Tuesday, August 4, 2009

Performance Tips - III

Guys,

Let's discuss a few more performance tips. Application performance is driven by a number of different factors. One of those items that typically affect performance is how long it takes SQL Server to process T-SQL statements. Sometimes the database design and the complicated query requirements hinder the speed at which T-SQL statements can run. Other times the way the T-SQL statements are coded cause SQL Server to perform extra work to resolve a query. As we know one query can be written in many ways, so by rewriting the statements differently, you can help the SQL Server engine optimize your queries and improve performance.

Identify Column Names in Your INSERT statements
We should explicitly identify the column names with an INSERT statement. Don’t code your INSERT statements like this:

INSERT INTO MyTable VALUES ('A','B','C');

When we use this coding style, SQL Server requires that only three columns be defined in MyTable, and the value “A” would go in the first column, “B” in the second column and “C” in the last column. If someone adds a new column to MyTable your application code will break with the following error:

Msg 213, Level 16, State 1, Line 1
Column name or number of supplied values does not match table definition.
Therefore, instead of using the above coding style for your INSERT statements you should code them like this:

INSERT INTO MyTable(FirstCode, SecondCode, ThirdCode) VALUES ('A','B','C');

By doing this when someone adds a new column named “FourthCode” to MyTable the above INSERT statement will continue to work, provided the “FourthCode” column was created with a DEFAULT value or allows NULLS.

Speed Up Your Searches by Prefixing Wild Card References
Appropriate use of wild card can improve the performance of your queries.

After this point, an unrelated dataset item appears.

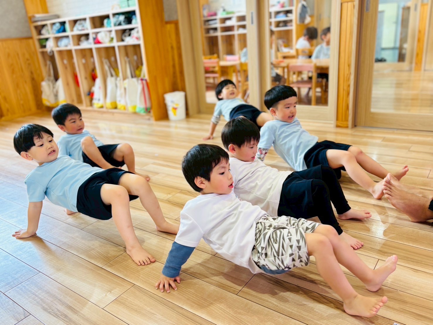 今日は体操教室がありました🫶🏻うさぎ組は動物歩きと前転、こあら組はラダーと走り込み前転、きりん組はラダーと側転をそれぞれ教えてもらいましたよ😆お手本のお友達がいたり、どのクラスも意欲的に取り組んでいました🤭

Say we want to search the AdventureWorks.Person.Contact table for all the LastNames ending in “sen”. For a moment, let’s assume that we have also built an index on the LastName column. If we code your search like so:

SELECT Distinct LastName
FROM Person.Contact
WHERE LastName LIKE '%sen'

The code uses the wild card percent (%) character to match zero to many characters followed by the string “sen” in the LastName field. This will cause SQL Server to perform an index scan operation looking for all the names that end in “sen” to resolve this query. This makes sense because until the entire table is read (scanned) SQL Server can’t guarantee that it has found all the records where the LastName ends in “sen”.

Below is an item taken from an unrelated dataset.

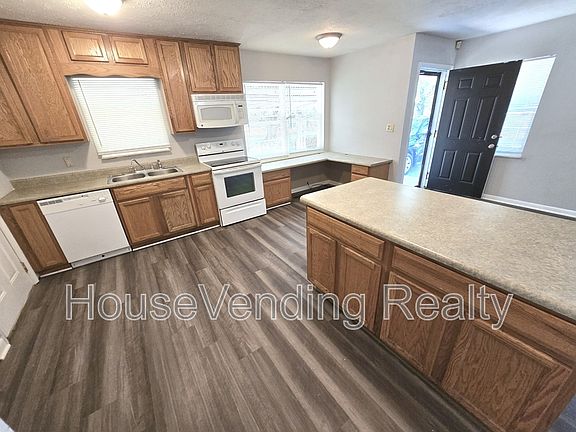 Open Concept Living, Dining, and Kitchen. Kitchen Island and built in desk for work from home, organizing bills, or kids homework. Large Back Deck. Carport and move covered parking in the back storage shed area. 2 bedrooms. 1 bathroom. New Windows. New LVP Flooring. Fresh Paint. **Advertised rent price assumes qualifying for the Rent Discount **Pets allowed with some breed restrictions, pet fee, and pet rent.

In addition, if we were searching for LastNames that where exactly six characters long and ended in “sen” we could code our wild card search like this:

SELECT Distinct LastName
FROM Person.Contact
WHERE LastName LIKE '___sen'

Here we have used the underscore (_) wild card character. This wild card character is used to match a single character. This coding example is similar to the prior example, and uses an index scan operation to resolve it. Once again, the SQL Engine knows it has to scan the complete index before it knows it has found all the six character names that end in “sen” in the Person.Contact table.

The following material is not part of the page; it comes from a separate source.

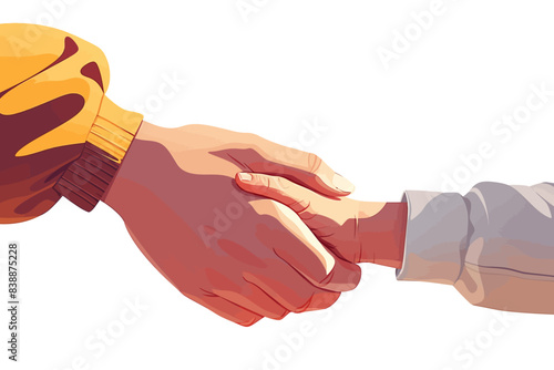 Two Stylized Figures Shaking Hands in Contrasting Black and White Designs

SQL Server can return your results faster if it doesn’t have to read the entire index using a scan operation. SQL Server is smart enough to know when we place a prefix of some kind in front of your percent (%) and/or underbar (_) wild card characters that it can use an index seek operation to resolve the wild card search criteria. Here is an example of a statement that will return all the LastNames that start with “A” and end in “sen”:

SELECT Distinct LastName
FROM Person.Contact
WHERE LastName LIKE 'A%sen'

By putting the “A” character in front of the percent (%) sign in the search criteria SQL Server is now able to tell that it can use an index seek operation to resolve this query. This make sense because once SQL Server has gotten to the end of the “A” for last name , it knows there are no more last names that start “A” so it can stop processing.

Not all wildcard characters need to be prefixed in order to make SQL Server use an index seek operation to resolve a query. Here is an example of where we can use a range wildcard expression and still have SQL Server resolve this query using an index seek operation:

SELECT Distinct LastName
FROM Person.Contact
WHERE LastName LIKE '[A-M]%sen'

In this T-SQL statement, we are looking for all the LastNames that start with anything between an “A” through “M” and end with “sen”. Other wild card syntax that identifies a specific set of characters can also invoke an index scan operation to resolve a wild card search criteria.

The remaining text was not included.